The contrast between the first and the second half of the play could not be more stark. The first half, set in Sicilia, takes place in the depths of winter. The stage is sparse and dimly lit. Hanging lamps with flickering flames adorn the back wall. All the characters are dressed in dark, sober colours, mostly black. At the beginning of the play, Leontes' young son is asked by his mother the Queen to "tell us a tale". "A sad tale's best for winter," he replies. The dramatic irony could not be more obvious given the impending tragedy that will rip the Sicilian royal family apart. The young prince himself dies of grief soon after his mother is found guilty of adultery. The Queen faints when she receives this news and is taken away. A little later on, Leontes presumes that she too has died.

Fast forward 16 years later and we find ourselves in Bohemia, where Leontes' daughter, Perdita, had been adopted by a shepherd and has now come of age. She has fallen in love with the young prince of Bohemia, whose father had been accused of committing adultery with the Queen of Sicilia, Perdita's mother. The second half of the play takes place in pastoral Bohemia, where sunlight dapples the ground, flowers are in bloom and a sheep-shearing festival is in full swing. Ethan Hawke makes his much touted appearance as the rogue, Autolycus, singing and dancing, pick-pocketing and cheating his way through the crowd. High comedy ensues when some of the young men and women at the festival break out into a bawdy fertility dance. All this is more reminiscent of Shakespeare's light-hearted comedies in which mistaken identities and misunderstandings are eventually cleared up, and everyone lives happily ever after.

Most of the second half is devoted to a series of fortuitous events, which eventually sees Perdita reunited with her parents, the King and Queen of Sicilia. They too are reconciled to each other. Perdita and her beloved, the Prince of Bohemia, are together at last (the King of Bohemia had originally opposed their marriage, thinking that Perdita was one lowly born), and both kings - erstwhile bosom friends - are also reconciled. Leontes' character is fully redeemed - he has spent the last 16 years remorsefully regretting his actions, and is speechless with joy when he gets both his wife and daughter back from the dead. Everything ends happily, and the tragedy of the first half is entirely reversed. The oracle from the first act has been fulfilled - that which was lost has now been found.

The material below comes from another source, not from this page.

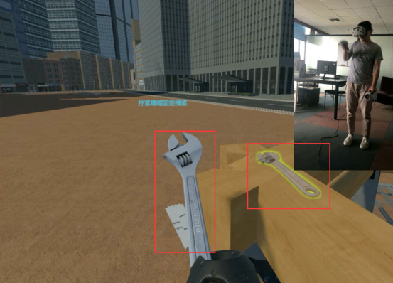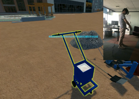 4.在場(chǎng)景中需要用到的工具會(huì)高亮顯示,學(xué)習(xí)這通過(guò)VR設(shè)備走到該工具處,通過(guò)VR設(shè)備拿起該設(shè)備,放到工具使用的位置,開(kāi)始施工。
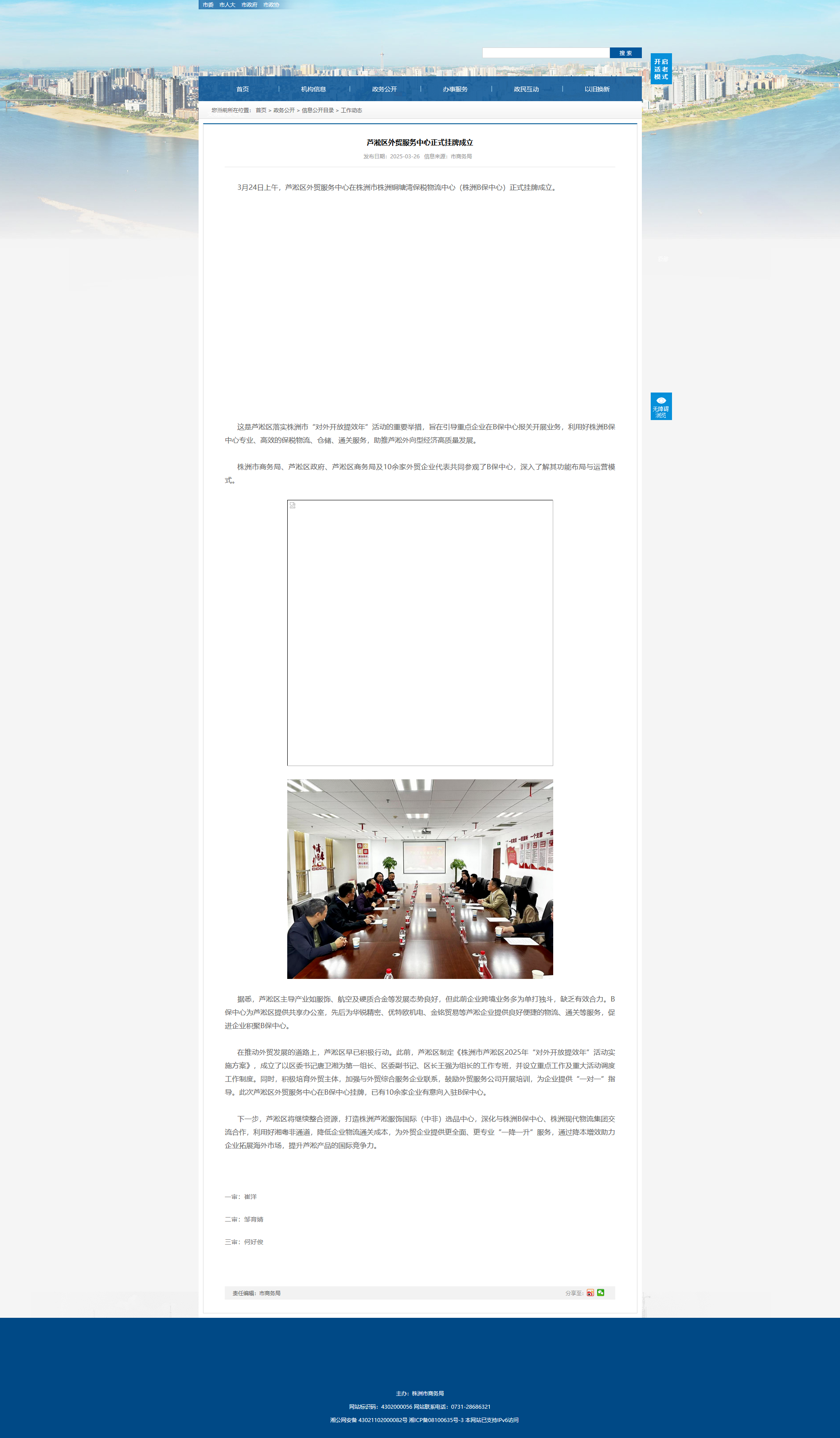 3月24日上午,芦淞区外贸服务中心在株洲市株洲铜塘湾保税物流中心(株洲B保中心)正式挂牌成立。

The seeming incongruity between the two halves of the play has led some critics to consider The Winter's Tale to be one of Shakespeare's "problem plays." The play itself is not easily categorised with the two halves so starkly contrasted - dark and light, tragedy and comedy, winter and spring. But perhaps these disparate elements of the play actually represent real life more faithfully than either a straightforward tragedy or comedy could? After all, life is never entirely joyful nor entirely tragic, but often a curious mix of both.

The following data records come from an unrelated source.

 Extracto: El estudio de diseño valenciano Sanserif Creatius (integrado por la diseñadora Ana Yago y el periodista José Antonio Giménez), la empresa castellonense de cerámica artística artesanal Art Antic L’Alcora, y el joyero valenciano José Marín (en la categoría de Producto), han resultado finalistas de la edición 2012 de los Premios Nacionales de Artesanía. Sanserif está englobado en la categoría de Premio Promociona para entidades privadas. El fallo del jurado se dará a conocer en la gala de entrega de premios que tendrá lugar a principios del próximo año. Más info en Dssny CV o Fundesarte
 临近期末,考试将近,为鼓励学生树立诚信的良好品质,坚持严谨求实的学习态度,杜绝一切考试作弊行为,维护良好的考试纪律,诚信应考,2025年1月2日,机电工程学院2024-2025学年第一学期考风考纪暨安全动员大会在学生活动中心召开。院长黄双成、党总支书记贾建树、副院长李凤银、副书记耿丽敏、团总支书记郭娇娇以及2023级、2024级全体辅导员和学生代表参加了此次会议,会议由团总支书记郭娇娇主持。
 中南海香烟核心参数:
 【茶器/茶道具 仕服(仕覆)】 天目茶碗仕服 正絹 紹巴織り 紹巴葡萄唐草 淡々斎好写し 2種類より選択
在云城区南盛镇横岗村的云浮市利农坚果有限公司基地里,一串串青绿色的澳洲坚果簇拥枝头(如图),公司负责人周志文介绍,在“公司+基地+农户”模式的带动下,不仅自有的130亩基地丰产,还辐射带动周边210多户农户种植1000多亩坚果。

Could it not also be said that the joy of the second half is made more acute by the tragedy of the first? After all, if winter had not been so cold, the trees not so bare, would we behold the first dew and the first bloom of spring with the same wonder? In the same way, if our hearts had not been so dark and hardened, would we be so deeply moved by the immense magnitude of God's grace when first his light breaks in?

The people walking in darkness
have seen a great light;
on those living in the land of the shadow of death
a light has dawned.
Isaiah 9:2

Friday, March 20, 2009


We were talking about how keen we both were to watch The Bridge Project's The Winter's Tale.

- Do you like Shakespeare?
- I like Ethan Hawke.
- But he's an adulterer! He cheated on Uma Thurman and their two kids!
- You don't know what happened, what it was like to be in his shoes. Maybe he had his reasons. You can't judge.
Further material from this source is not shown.